1 . A power transmission assembly comprising:

a rotary actuator including an actuator body and a rotatable actuator driving shaft; and

a first gear assembly including a movable gear operatively connected to the actuator driving shaft, a stationary gear, a connecting member, and a secondary driving shaft; the connecting member being operatively connected to the actuator body and secured to the secondary drive shaft; the movable gear rotating around the stationary gear; and the connecting member, the secondary driving shaft, and the actuator body being engaged in rotation upon actuation of the rotatable actuator driving shaft.

2. The power transmission assembly as claimed in claim 1 , wherein the movable gear carries out more than one rotation about its rotation axis for each rotation of the actuator driving shaft.

3. The power transmission assembly as claimed in one of claims 1 and 2, wherein the movable gear carries out more than one rotation about its rotation axis to rotate around the stationary gear.

4. The power transmission assembly as claimed in one of claims 1 and 2, wherein the movable gear carries out two rotations about its rotation axis to rotate around the stationary gear.

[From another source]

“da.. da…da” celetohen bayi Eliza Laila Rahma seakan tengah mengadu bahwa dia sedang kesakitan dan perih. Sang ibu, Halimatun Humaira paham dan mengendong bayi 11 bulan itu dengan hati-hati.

5. The power transmission assembly as claimed in any one of claims 1 to 4, wherein the secondary driving shaft has a rotation axis aligned with a center of the stationary gear.

6. The power transmission assembly as claimed in any one of claims 1 to 5, further comprising a frame and the actuator body is rotatably mounted to the frame.

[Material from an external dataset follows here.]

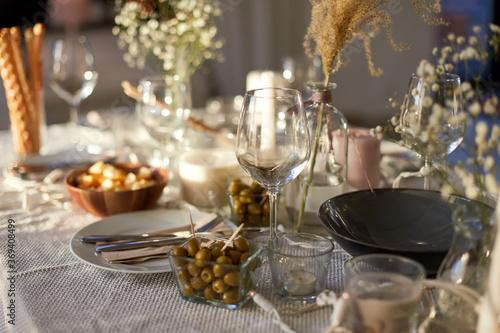eating, holiday and celebration concept - dinner party table serving at home

7. The power transmission assembly as claimed in claim 6, wherein the frame comprises a housing through which the secondary driving shaft is rotatably inserted.

8. The power transmission assembly as claimed in any one of claims 1 to

7, wherein the rotatable actuator driving shaft is secured to the movable gear and aligned with its rotation axis.

9. The power transmission assembly as claimed in any one of claims 1 to

8, wherein the movable gear rotates outwardly around the stationary gear.

10. The power transmission assembly as claimed in any one of claims 1 to

9, wherein the stationary gear and the movable gear comprises a plurality of peripheral tooth and a gear ratio of 1.

1 1. The power transmission assembly as claimed in any one of claims 1 to

10, wherein the actuator driving shaft is inserted in a through hole defined in the connecting member and rotates therein.

12. The power transmission assembly as claimed in any one of claims 1 to

1 1 , wherein a rotation axis of the connecting member is aligned with a rotation axis of the secondary driving shaft.

13. The power transmission assembly as claimed in any one of claims 1 to

12, wherein the secondary driving shaft, the actuator driving shaft, and the actuator body rotate in a same rotation direction.

14. The power transmission assembly as claimed in any one of claims 1 to

13, wherein the secondary driving shaft, the actuator driving shaft, and the actuator body rotate at a same rotation speed.

15. The power transmission assembly as claimed in one of claims 13 and

14, wherein the secondary driving shaft and the actuator driving shaft are engaged together.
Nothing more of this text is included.